Car industry makes extraordinary call for government to ditch zero emission targets

Sam Burnett

12 Mar 2026

Car industry body the Society of Motor Manufacturers and Traders has come out strongly against the government’s zero emission vehicle mandate, saying that the whole thing needs to be rethought. 

In an unprecedented statement of dissatisfaction with the current regulatory framework that’s been imposed on the carmakers (having to sell electric cars), the association that represents the UK car industry is calling for the government to reassess the whole thing. 

The SMMT is keen to emphasise that the car industry is still committed to net zero, it just doesn’t want to have to suffer to get there. 

It says that despite the UK having one of the largest EV shares of any major European market, and consumers ‘enjoying a massive choice of more than 160 BEV models’, the country is still lagging behind its own commitments to ramping up EV sales. In 2025 EVs accounted for 23.4% of new car registrations, below the 28% requirement by the ZEV mandate.

According to the SMMT the assumptions that were made when predicting the uptake of electric vehicles were all wrong and need to be worked out again, the charging infrastructure requirements haven’t kept space with sales, battery costs are 30% higher than anyone predicted and the geopolitical landscape has shifted. 

The extraordinary intervention came at the beginning of the SMMT’s ‘Electrified’ conference, where it celebrates the latest in zero emission developments, though you’d have to imagine a slightly muted atmosphere in the context of the UK car industry’s latest complaints. 

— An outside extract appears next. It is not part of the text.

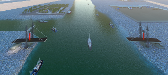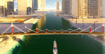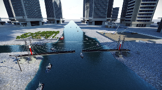 | 1、拆除邊跨滿堂支架; 2、安裝運輸索; 3、兩側同步采用浮吊吊裝鋼箱梁; 4、吊裝后采用臨時拉索錨固。 |

SMMT chief executive Mike Hawes called for an ‘urgent review’ of the car industry’s zero emission obligations. “A landscape which once looked solid has turned out to be quicksand. Recognising the world of 2026 is not the one envisaged five years ago is not a retreat from ambition; it is a necessary step to achieving it. We need an urgent review that reflects today’s realities, that delivers decarbonisation not deindustrialisation and offers consumers the choice they have always expected.”